The imaginary unit is denoted by I(upper-case "eye") in Mathematica. So, to assign 5+3i to a, enter a = 5 + 3*I
Enter the following complex numbers in your worksheet:
a = 5 + 3i
b = 2 - 4i
c = - 3 + i
d = - 2 - 4i
Enter the following lines of Mathematica code, and describe what each of the Mathematica commands does. Check by trying with a number different from a.
Re[a]
Im[a]
Abs[a]
Conjugate[a]
The Arg function needs special attention. Enter each of the following:
Arg[a]
Arg[b]
Arg[c]
Arg[d]
What is the range of the Arg function?
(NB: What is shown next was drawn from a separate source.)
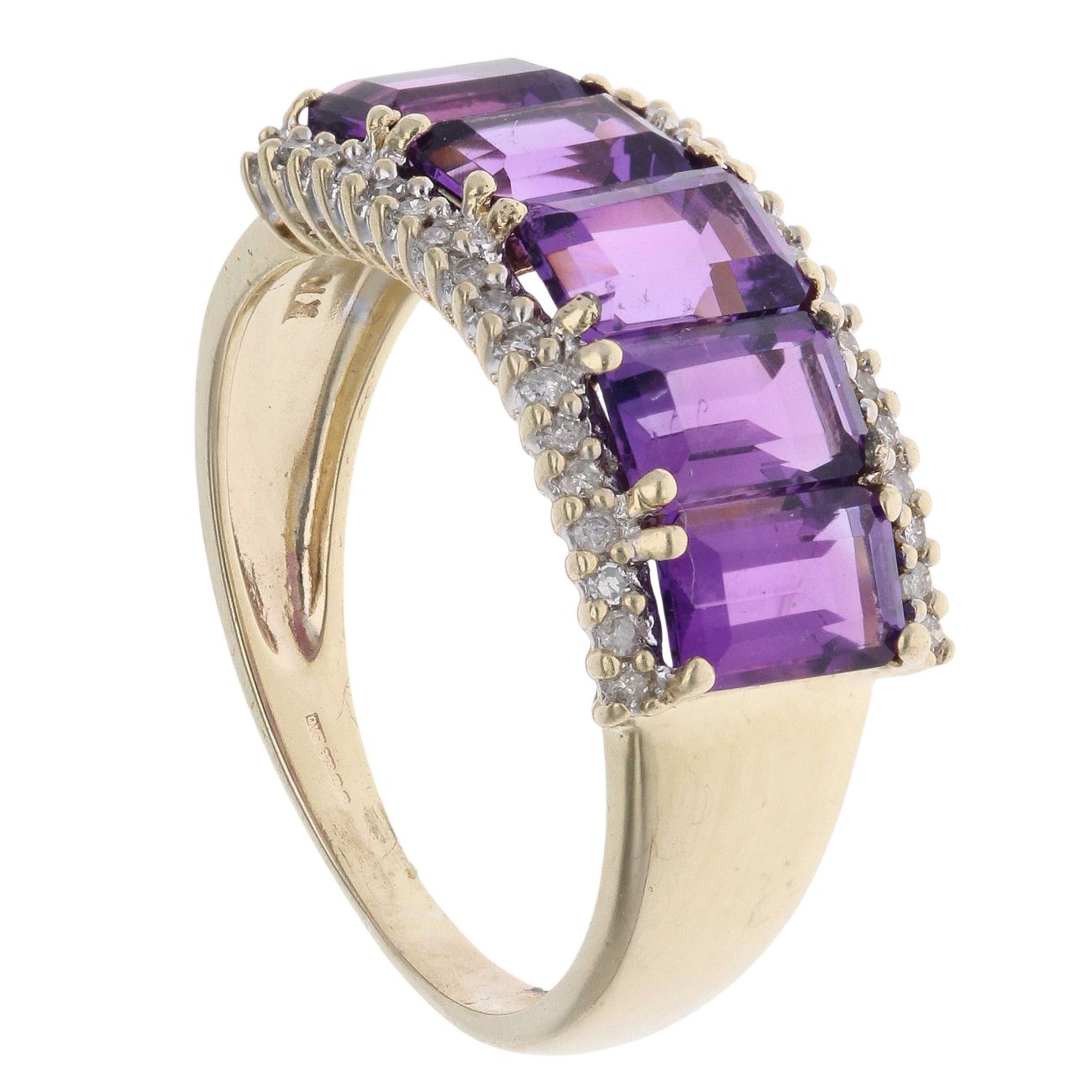 9ct Yellow Gold 0.15ct Diamond and Amethyst Five Stone Ring
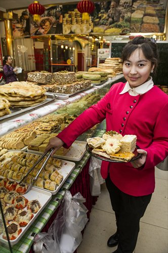 A waitress at the Xinjiang Restaurant affiliated with Urumqi's liaison office in Beijing poses with local pastries. Photo: Li Hao/GT

Describe carefully what the Arg function does.
It is often useful to consider complex numbers
in their polar form (R, Theta). We can write a simple Mathematica function to
do the conversion since R is just the absolute value of the complex number z and
Theta is z's argument. Enter the following function: PolarForm[z_]:= {Abs[z], Arg[z]}
Now, we can convert the complex number a from above to its polar form. The second
commmand below just gives a decimal answer. Enter ap = PolarForm[a]
N[ap]
Repeat this for b to get bp and find its decimal form.
We can write another simple Mathematica
function to convert from the polar form of a complex number to its "rectangular" form:
z = x + y*I. We know that x = R*cos(Theta) and y = R*sin(Theta). Enter the following
function: ComplexForm[{R_,Theta_}]:= R*Cos[Theta] + R*Sin[Theta]*I
Lets convert ap from polar form back to a normal complex number. Enter ComplexForm[ap]
Repeat this for bp to get the original b back.
Calculate the polar form of a*b.
How is the polar form of the product related to the polar forms of the factors?
(Hint: Look at both the "exact" polar forms and their conversions to decimals.)